AIM OF THE TASK: Reproduce the listing below exactly, beginning with its first line and ending with the line that holds "Kaja | Noyer Walnut"; pictures are not part of the copy.

DATA IN THIS EXERCISE:

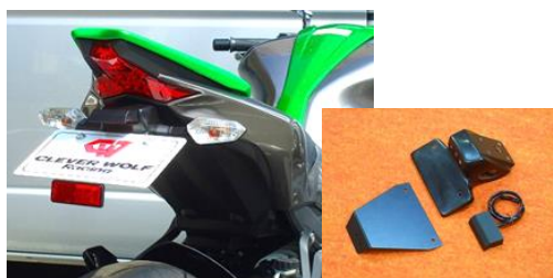
'18~ Z1000/'14~'17 Z1000 (18Z1 / 14Z1-005-31) ¥20,900- (¥19,000-)
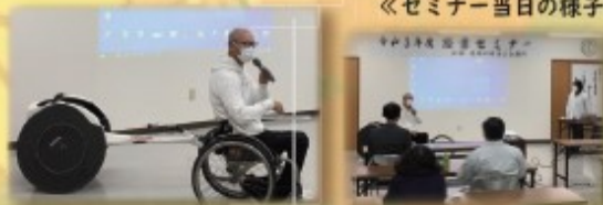
《セミナー当日の様子》

去る令和3年10月27日(水)18時より、当所会議室において、令和3年度経営セミナーを開催しました。
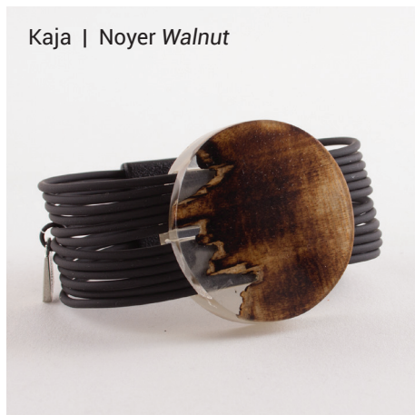
Kaja | Noyer Walnut
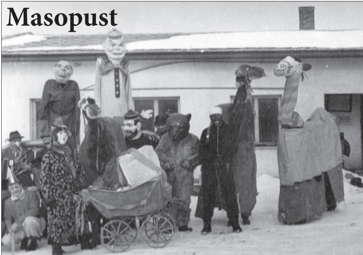
Masopustní obchůzka se koná v Chanovicích pro návaznost na konání našich předků. Starší fotografie je z roku 1965, tehdy se začínalo „na place“. Druhá fotografie je z letošního povolení na návsi „pod kaštanem“. Členové průvodu chtějí hlavně pobavit spoluobčany, kteří o jejich návštěvu stojí. A i pro příští rok platí, připravte si masku a poďte se společně pobavit, zván je každý s dobrou náladou. PKČ
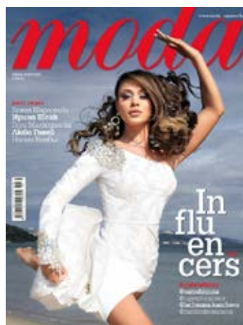
MODA 7000 тираж
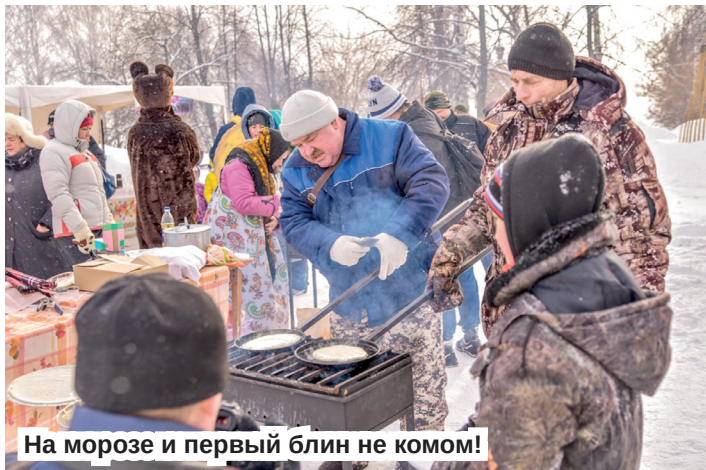
На морозе и первый блин не комом!
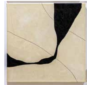
Técnicas mixtas sobre lienzo 50x50cm
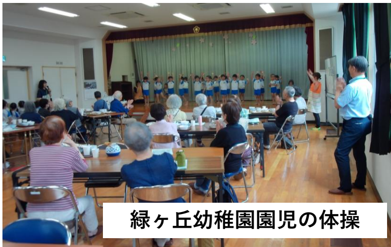
緑ヶ丘幼稚園園児の体操
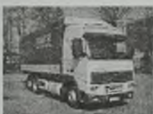
'87 VOLVO FH 12 389 GLOBETROTTER skrzynia piankowa Bof, Rf2, cł. podnoszona, poduszki, EURO 2, L-pakiet, 380 KM, klimat., webasto, hamulec górski - VEB, d. 7,04 m, ład. 13 t, przab. 800 tys. km.
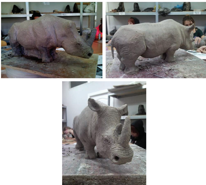
Рис. 4, 5, 6. Проработка деталей животного

Дальше форма прорабатывается более подробно. Уточняется мышечная масса. Так же особое внимание уделяется строению головы животного. Прорабатываются глаза и нос. (рис.4, 5, 6)

ANSWER TO THE EXERCISE:
'18~ Z1000/'14~'17 Z1000 (18Z1 / 14Z1-005-31) ¥20,900- (¥19,000-)
《セミナー当日の様子》

去る令和3年10月27日(水)18時より、当所会議室において、令和3年度経営セミナーを開催しました。
Kaja | Noyer Walnut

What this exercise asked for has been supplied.